Hudi Catalog
Usage
- The query types supported by the Hudi table are as follows, and the Incremental Query will be supported in the future.
Table Type | Supported Query types |
---|---|
Copy On Write | Snapshot Query + Time Travel |
Merge On Read | Snapshot Queries + Read Optimized Queries + Time Travel |
- Doris supports Hive Metastore(Including catalogs compatible with Hive MetaStore, like AWS Glue/Alibaba DLF) Catalogs.
Create Catalog
Same as creating Hive Catalogs. A simple example is provided here. See Hive for more information.
CREATE CATALOG hudi PROPERTIES (
'type'='hms',
'hive.metastore.uris' = 'thrift://172.21.0.1:7004',
'hadoop.username' = 'hive',
'dfs.nameservices'='your-nameservice',
'dfs.ha.namenodes.your-nameservice'='nn1,nn2',
'dfs.namenode.rpc-address.your-nameservice.nn1'='172.21.0.2:4007',
'dfs.namenode.rpc-address.your-nameservice.nn2'='172.21.0.3:4007',
'dfs.client.failover.proxy.provider.your-nameservice'='org.apache.hadoop.hdfs.server.namenode.ha.ConfiguredFailoverProxyProvider'
);
Optional configuration parameters:
name | description | default |
---|---|---|
use_hive_sync_partition | Use hms synchronized partition data | false |
Column Type Mapping
Same as that in Hive Catalogs. See the relevant section in Hive.
Skip Merge
Spark will create the read optimize table with _ro
suffix when generating hudi mor table. Doris will skip the log files when reading optimize table. Doris does not determine whether a table is read optimize by the _ro
suffix instead of the hive inputformat. Users can observe whether the inputformat of the 'cow/mor/read optimize' table is the same through the SHOW CREATE TABLE
command. In addition, Doris supports adding hoodie related configurations to catalog properties, which are compatible with Spark Datasource Configs, so users can add hoodie.datasource.merge.type=skip_merge
in catalog properties to skip merge logs files.
Query Optimization
Doris uses the parquet native reader to read the data files of the COW table, and uses the Java SDK (By calling hudi-bundle through JNI) to read the data files of the MOR table. In upsert
scenario, there may still remains base files that have not been updated in the MOR table, which can be read through the parquet native reader. Users can view the execution plan of hudi scan through the explain command, where hudiNativeReadSplits
indicates how many split files are read through the parquet native reader.
|0:VHUDI_SCAN_NODE |
| table: minbatch_mor_rt |
| predicates: `o_orderkey` = 100030752 |
| inputSplitNum=810, totalFileSize=5645053056, scanRanges=810 |
| partition=80/80 |
| numNodes=6 |
| hudiNativeReadSplits=717/810 |
Users can view the perfomace of Java SDK through profile, for example:
- HudiJniScanner: 0ns
- FillBlockTime: 31.29ms
- GetRecordReaderTime: 1m5s
- JavaScanTime: 35s991ms
- OpenScannerTime: 1m6s
OpenScannerTime
: Time to create and initialize JNI readerJavaScanTime
: Time to read data by Java SDKFillBlockTime
: Time co convert Java column data into C++ column dataGetRecordReaderTime
: Time to create and initialize Hudi Record Reader
Time Travel
Supports reading snapshots specified in Hudi table.

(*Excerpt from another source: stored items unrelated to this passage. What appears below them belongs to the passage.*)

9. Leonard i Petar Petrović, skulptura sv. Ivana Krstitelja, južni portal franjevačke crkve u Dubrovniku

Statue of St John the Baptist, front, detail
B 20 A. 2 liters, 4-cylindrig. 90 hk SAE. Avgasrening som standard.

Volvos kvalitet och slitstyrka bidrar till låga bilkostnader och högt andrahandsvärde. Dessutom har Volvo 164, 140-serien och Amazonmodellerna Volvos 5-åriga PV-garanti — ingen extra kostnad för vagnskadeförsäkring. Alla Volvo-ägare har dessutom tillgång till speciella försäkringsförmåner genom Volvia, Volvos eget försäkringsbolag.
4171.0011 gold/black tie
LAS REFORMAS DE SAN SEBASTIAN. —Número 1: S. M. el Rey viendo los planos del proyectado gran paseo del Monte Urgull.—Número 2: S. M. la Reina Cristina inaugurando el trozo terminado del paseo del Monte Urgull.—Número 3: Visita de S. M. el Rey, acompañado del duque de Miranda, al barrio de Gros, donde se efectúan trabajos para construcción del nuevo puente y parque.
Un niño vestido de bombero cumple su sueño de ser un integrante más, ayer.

Every write operation to the Hudi table will generate a new snapshot.
By default, query requests will only read the latest version of the snapshot.

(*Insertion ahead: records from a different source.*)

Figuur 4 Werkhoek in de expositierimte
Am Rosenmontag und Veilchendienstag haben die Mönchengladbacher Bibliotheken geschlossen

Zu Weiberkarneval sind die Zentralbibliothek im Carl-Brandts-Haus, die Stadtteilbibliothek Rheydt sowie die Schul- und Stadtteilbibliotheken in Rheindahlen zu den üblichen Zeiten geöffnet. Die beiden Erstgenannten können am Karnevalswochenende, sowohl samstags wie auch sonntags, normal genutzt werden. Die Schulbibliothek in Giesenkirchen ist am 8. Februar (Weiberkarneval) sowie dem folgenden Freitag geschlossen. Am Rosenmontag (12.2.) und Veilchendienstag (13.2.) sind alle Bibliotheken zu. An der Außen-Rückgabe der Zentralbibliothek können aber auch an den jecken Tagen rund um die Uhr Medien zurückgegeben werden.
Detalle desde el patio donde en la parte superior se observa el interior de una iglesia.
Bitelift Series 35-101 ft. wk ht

You can use the FOR TIME AS OF
statement, based on the time of the snapshot to read historical version data. Examples are as follows:
SELECT * FROM hudi_tbl FOR TIME AS OF "2022-10-07 17:20:37";
SELECT * FROM hudi_tbl FOR TIME AS OF "20221007172037";
Hudi table does not support the FOR VERSION AS OF
statement. Using this syntax to query the Hudi table will throw an error.